In the real world, due to various reasons such as sensor damage, data damage, and human recording errors, multimodal data usually has modal missing. Effectively integrating and analyzing incomplete multimodal data is a challenging problem. .
There are three main problems to be solved for the lack of multimodal mode:
 For multimodal data combinations with different missing modalities, the dimensionality and number of feature sets may be inconsistent, which brings difficulties to the application of a complete multimodal fusion model.
 Effective multimodal fusion requires learning complementary information, specific modal information and multimodal interaction, but due to the existence of missing modalities, relevant information cannot be obtained directly from incomplete individual data.

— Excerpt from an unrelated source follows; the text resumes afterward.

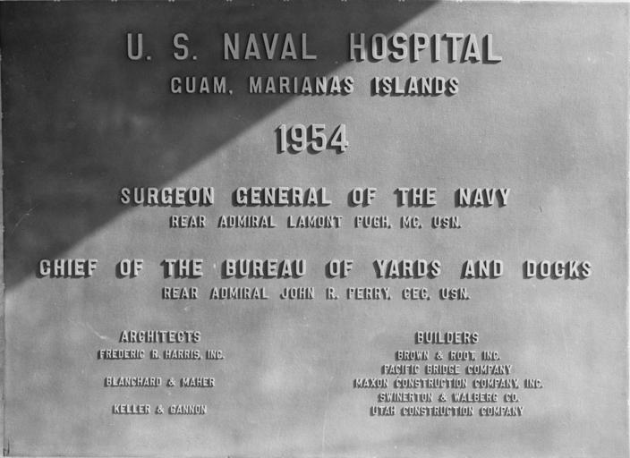 Keywords: blackandwhite text monochrome writing black and white 09-5030-60 U.S. Naval Hospital. Dedication plaque. "1954 Surgeon General of the Navy Rear Admiral Lamont Pugh, Medical Corps, U.S. Navy; Chief of the Bureau of Yards and Docks Rear Admiral John R. Perry, CEC [Civil Engineer Corps?], U.S. Navy; Architects Frederic R. Harris, Inc., Blanchard and Maher, Keller and Gannon; Builders Brown and Root, Inc., Pacific Bridge Company, Maxon Construction Company, Inc., Swinerton and Walberg Co., Utah Construction Company." [Scene.] Guam, Marianas Islands, 11/29/1954; VU-5-7794-11-54. 09-5030-60 U.S. Naval Hospital. Dedication plaque. "1954 Surgeon General of the Navy Rear Admiral Lamont Pugh, Medical Corps, U.S. Navy; Chief of the Bureau of Yards and Docks Rear Admiral John R. Perry, CEC [Civil Engineer Corps?], U.S. Navy; Architects Frederic R. Harris, Inc., Blanchard and Maher, Keller and Gannon; Builders Brown and Root, Inc., Pacific Bridge Company, Maxon Construction Company, Inc., Swinerton and Walberg Co., Utah Construction Company." [Scene.] Guam, Marianas Islands, 11/29/1954; VU-5-7794-11-54. |

 A large amount of missing data may greatly reduce the size of the data, making it difficult to learn highdimensional interactive features from a small number of samples.

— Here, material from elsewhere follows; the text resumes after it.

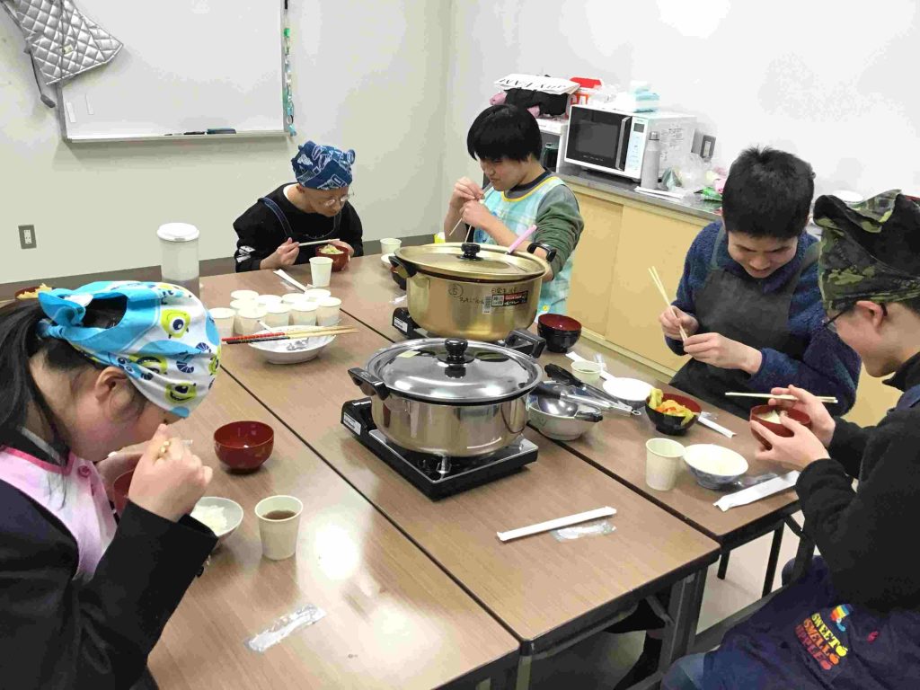 お知らせ 寄宿舎活動紹介 第2回 POP会 2月16日(月)、第2回POP会で鍋パーティーを行いました。今回は、協力して調理する楽しさを知ることを目的として、買い物から調理までのすべてを生徒たちが主体となって取り組みました。 包丁が苦手な生徒たちはデザート作りを担当するなど、互いに協力し合う姿が見られました。 自分たちで進めることで、さまざまな気づきや発見があったようです。 コロナ禍で中止となっていた全員での調理も再開され、楽しいひとときとなりました。
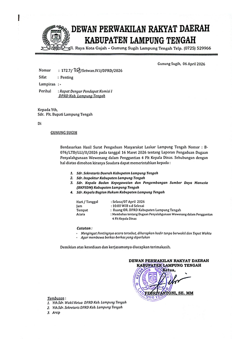 Dalam surat bernomor 172.7/367/Setwan.lV.l/DPRD/2026 itu, Komisi l DPRD Lamteng meminta Plt. Bupati I Komang Koheri memerintahkan, Sekda, lnspektur, Plt. Kepala BKSDM, dan Kabag Hukum Pemkab Lamteng, untuk hadir dalam rapat dengar pendapat bersama Komisi l DPRD Lampung Tengah, guna membahas dugaan penyalahgunaan wewenang pergantian 4 Plt. Kepala Dinas/Badan dilingkup Pemkab setempat beberapa waktu lalu.

Some previous studies usually deal with the problem of missing modalities by deleting incomplete data samples or inferring missing modalities. However, directly deleting incomplete data samples will significantly reduce the sample size, which may lead to overfitting of subsequent deep learning models, especially when a large number of samples have different modal data missing. The methods of inferring missing patterns try to generate missing patterns based on observed existing patterns, such as zerovalue filling method, meanvalue filling method, matrix completion and deep learningbased methods, but such methods may introduce data to the data instead. New noises have a negative impact on model performance, and these noises sometimes affect complex auxiliary models, such as deep generation models.
Main research content
This article mainly studies incomplete multimodal data fusion based on heterogeneous graphs, and is dedicated to processing incomplete data without speculation. There are already many researchers trying to do this, such as:
 Multisource feature learning method: Divide incomplete data into multiple subcombinations, and then integrate these subcombinations to turn it into a sparse multitask learning problem.

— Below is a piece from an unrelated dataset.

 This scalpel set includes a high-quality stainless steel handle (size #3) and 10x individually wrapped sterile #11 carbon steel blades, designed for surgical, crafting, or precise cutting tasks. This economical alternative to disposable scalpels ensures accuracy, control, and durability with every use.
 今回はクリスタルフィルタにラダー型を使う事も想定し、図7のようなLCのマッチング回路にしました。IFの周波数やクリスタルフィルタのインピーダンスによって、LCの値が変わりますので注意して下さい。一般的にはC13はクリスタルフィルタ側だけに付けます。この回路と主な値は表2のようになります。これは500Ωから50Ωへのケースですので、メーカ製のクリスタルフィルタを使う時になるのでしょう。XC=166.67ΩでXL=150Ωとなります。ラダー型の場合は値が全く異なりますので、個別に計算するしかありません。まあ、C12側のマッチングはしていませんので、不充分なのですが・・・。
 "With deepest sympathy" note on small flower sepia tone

 Multihypergraph learning method (Multihypergraph learning method): Combine highorder subgroup relations and learn directly on the output.
Although the above method provides a solution, it ignores the intermodal/intramodal interaction and cannot learn the relationship between incomplete samples. The author of this article developed a new basic structure to easily extract complex information and fuse multimodal data with missing modalities without deleting or predicting data.
This method is called Heterogeneous Graphbased Multimodal Fusion (HGMF). It first models multimodal data with incompleteness in a heterogeneous graph structure, and then uses a graph neural networkbased direct push The learning framework extracts complementary information from highly interactive and incomplete multimodality, and merges the information from different subspaces into a unified space. The specific content is:
 It is proposed to model highly interactive multimodal data with different incomplete modalities in a heterogeneous hypernode graph (HHG).
 A direct learning framework based on graph neural network is proposed to perform multimodal fusion of incomplete data in the constructed HGG.
 Experiments on multiple levels of missing data prove that the method can handle real scenarios with a high percentage of missing data.
Formalize the problem
Incomplete form of multimodal data
For one$M$ modal incomplete data set, there will be$(2^M1)$ A combination of different missing modalities, so an incomplete multimodal data set has at most$(2^M1)$ incomplete form. The following figure shows a blockbased structure diagram, which is a threemodal data set with 7 incomplete forms ($M=3$ ). The colored ones are the existing modalities, and X is the missing modal. The figure also shows that the instances can be divided into several groups. All instances in each group have the same missing form, and each instance belongs to only one form.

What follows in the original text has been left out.